The move had been predicted in 2010 by California Supreme Court Justice Marvin Baxter, but he estimated the time frame would be in the 10-20 year range.
His dissent came in the high court’s opinion that created same-sex “marriage” in California. The decision just months later was overturned by voters who once again passed an amendment to define marriage in the state Constitution as a relationship between one man and one woman.
The vote set up a federal court lawsuit that resulted in a homosexual judge declaring that the amendment to limit marriage was unconstitutional.
The ruling from “gay” judge Vaughn Walker, who stood to benefit from his own court decision, is being appealed to the U.S. Supreme Court.
Baxter warned in the state court ruling, “The bans on incestuous and polygamous marriages are ancient and deeprooted, and, as the majority suggests, they are supported by strong considerations of social policy.”
He continued, “Our society abhors such relationships, and the notion that our laws could not forever prohibit them seems preposterous.
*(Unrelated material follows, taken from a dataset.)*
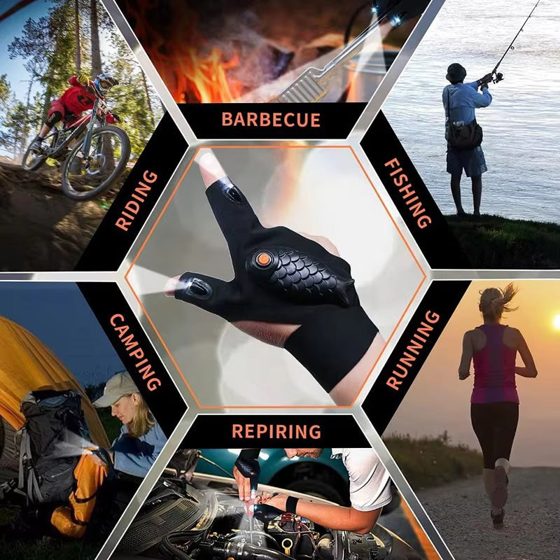 - Widely Applicable -- These gloves can be used for night fishing, car repair, or for working in tight spaces with low visibility, such as repairing pipes, sinks, air conditioners. They can also be used for outdoor activities at night like camping, cycling, walking, running or dog-walking.

Yet here, the majority overturns, in abrupt fashion, an initiative statute confirming the equally deeprooted assumption that marriage is a union of partners of the opposite sex. The majority does so by relying on its own assessment of contemporary community values, and by inserting in our Constitution an expanded definition of the right to marry that contravenes express statutory law.”
He warned, “Who can say that, in 10, 15 or 20 years, an activist court might not rely on the majority’s analysis to conclude, on the basis of a perceived evolution in community values, that the laws prohibiting polygamous and incestuous marriages were no longer constitutionally justified?”
The primary pro-polygamy influences in the United States were the Mormon advocacy for the practice in the 1800s and the current influx of adherents to Islam.
It also resurfaced just last month in Utah, where a federal judge ruled there is enough evidence to allow a polygamous family – made famous by a television show – to sue over the state’s bigamy law.
It was reported U.S. District Judge Clark Waddoups dismissed Utah’s governor and attorney general from the case but allowed the suit to proceed against Utah County Attorney Jeffrey Buhman. The AG had threatened to prosecute Kody Brown and his four wives – Meri, Janelle, Christine and Robyn – after the TLC show “Sister Wives” debuted in September 2010, but his office has not filed charges.
The family alleges the bigamy prohibition violates its constitutional rights to due process, equal protection, free exercise of religion, free speech and freedom of association.
The Wenzel poll showed 59 percent believe there is a legal justification to ban polygamy and 67 percent say there is a moral reason. That included 65 percent of Democrats, who reportedly are being asked to consider supporting homosexual “marriage” as a plank in their party’s national platform this year.
In the poll, 28 percent of respondent said polygamy is sinful, 33 percent said it is aberrant and destructive and 16 percent said it is aberrant. Those who described themselves as “progressive” were the most supportive, with 6 percent saying polygamy is preferred but a huge 29 percent saying it is equally valid. Those who described themselves as “moderates” followed, with 11 percent saying it is preferred and 19 percent saying it is equally valid.
Forty-six percent of the “very conservative” respondents said it is “sinful.”